EXERCISE DATA ->
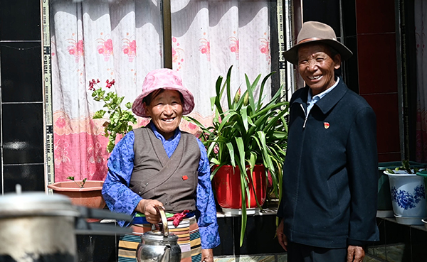 整理下院子,侍弄好花草,走出家门,打扫完门口的硬化路,44岁的山南市乃东区泽当镇金鲁社区村民顿珠次仁坐在了路边的树荫下。身后的门楣上,大红色的“十星级文明户”荣誉牌匾闪亮而醒目。
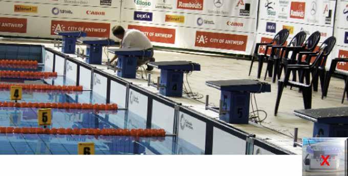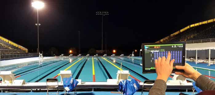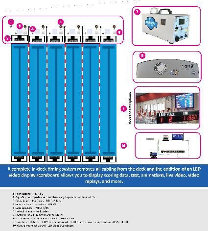 • Wall or floor plate connectivity for timer, start system, deck clocks, portable scoreboards, and bulkhead
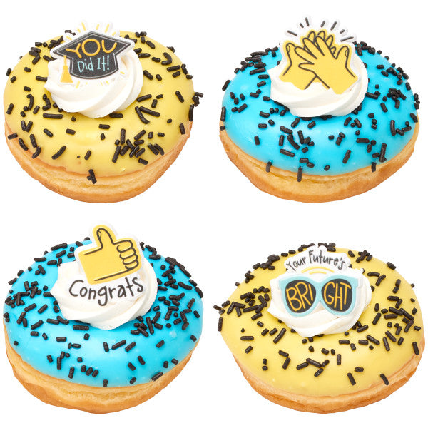 ¡El futuro es tan brillante que necesitamos gafas de sol! Alegra tus cupcakes de celebración de graduación con esta variedad de anillos de graduación.
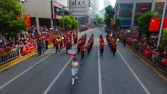 缓缓从夹道欢呼的人群中走过

REQUIREMENT ->
Pictures must be left out. Return verbatim only the lines from the line with "scoreboards, and bulkhead" through the final line of the material above, including both ends.

RESPONSE TO THIS EXERCISE ->
 • Wall or floor plate connectivity for timer, start system, deck clocks, portable scoreboards, and bulkhead
 ¡El futuro es tan brillante que necesitamos gafas de sol! Alegra tus cupcakes de celebración de graduación con esta variedad de anillos de graduación.
 缓缓从夹道欢呼的人群中走过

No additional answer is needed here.